Screaming at the top of her lungs is the children's mother, Nuhader Monsoor. She is standing over her baby, looking at her son -- and probably thinking of her dead husband. The smell of burned flesh is overwhelming.
… Politics creeps into the ward like the blood that runs on the floors. "Clearly he is Hezbollah," says one of the doctors outside the room -- arcastically referring to 8-year-old Mahmood, whose screams can be heard from the hallway. His screams now blend with the wails of his mother, matching the baby's cries.
The hospital ward begins to teem with members of the international press. They all have blue flak jackets that say "press" on the front. They carry microphones, cameras, radios and satellite phones, and have local guides to translate.
Today, as I finish I am sitting in the same spot and the shells are still falling. Hezbollah rockets are firing toward northern Israel. I can imagine another reporter, in another flak jacket, standing over an 8-year old Israeli boy.
I'll finish by asking another question: Are any of us making a difference?
Now that the US has the means to quell regional conflict that imparts horrors on innocent children, it has the responsibility to exercise this power to inhibit those envious, resentful, and ambitious little people who would use their charisma and maneuvering for their own ends, to cause trouble for others who want only peace, and the space to do their daily work.

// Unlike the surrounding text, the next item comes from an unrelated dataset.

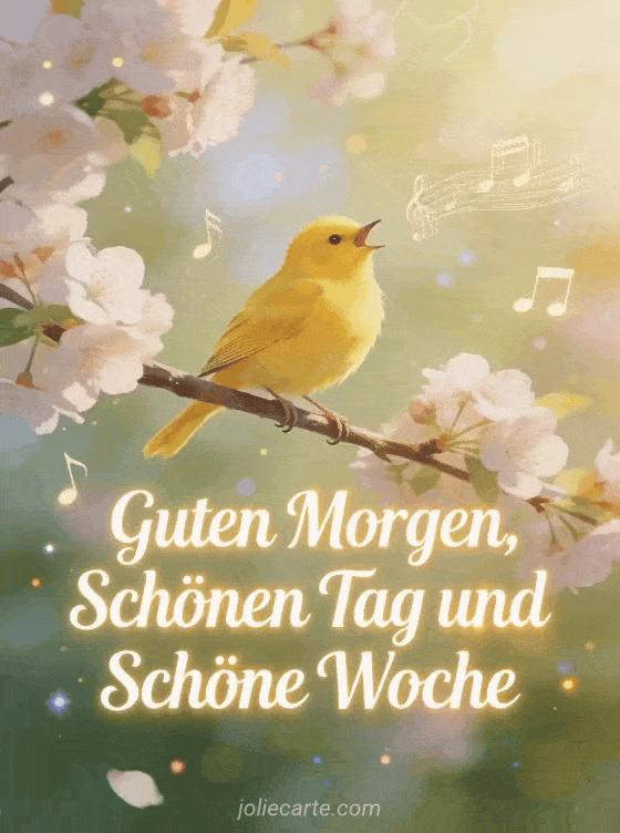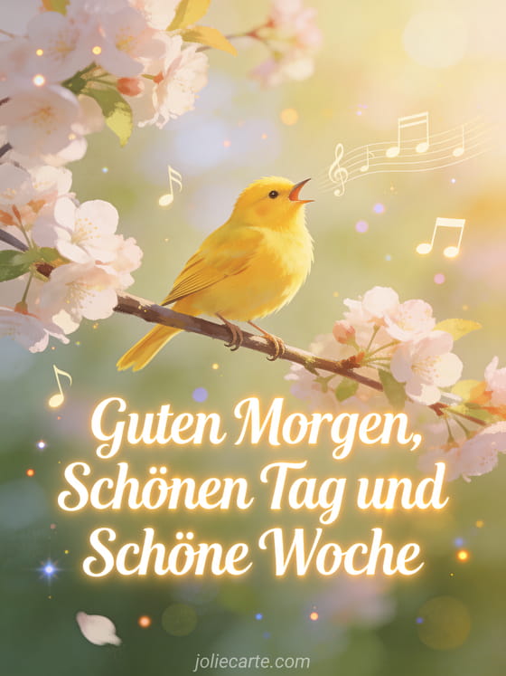WĂŒnschen Sie guten Morgen und eine schöne Woche mit dieser bezaubernden Karte, die einen gelben Kanarienvogel zeigt, der auf einem Ast mit KirschblĂŒten singt, wĂ€hrend Musiknoten umherschweben. Entdecken Sie auch eine guten morgen und schöne woche oder eine schöne woche humor.

In the US Declaration of Independence, Jefferson made it clear what the object of existence is, through the power of just government:
…organizing its powers in such form, as to them shall seem most likely to effect their Safety and Happiness.
It would seem that a society based on such concepts, revered for over two hundred years, would work to install these concepts on a society in turmoil, if it could, to save innocent lives. The Middle East is such a society, in need of mediation and “cooler heads.”
Can’t those people who were polled and expressed dissatisfaction vote? Isn’t there an election this fall where they could express their wishes? Isn’t that what democracy means? Then again, so many voted for the Bush-Cheney ticket in 2004, and we already knew better then.
Time to wake up. There's no benefit of the doubt--that's a silly phrase anyway. We are citizens of the world, and we have the option of stopping suffering. Who would refuse that mission?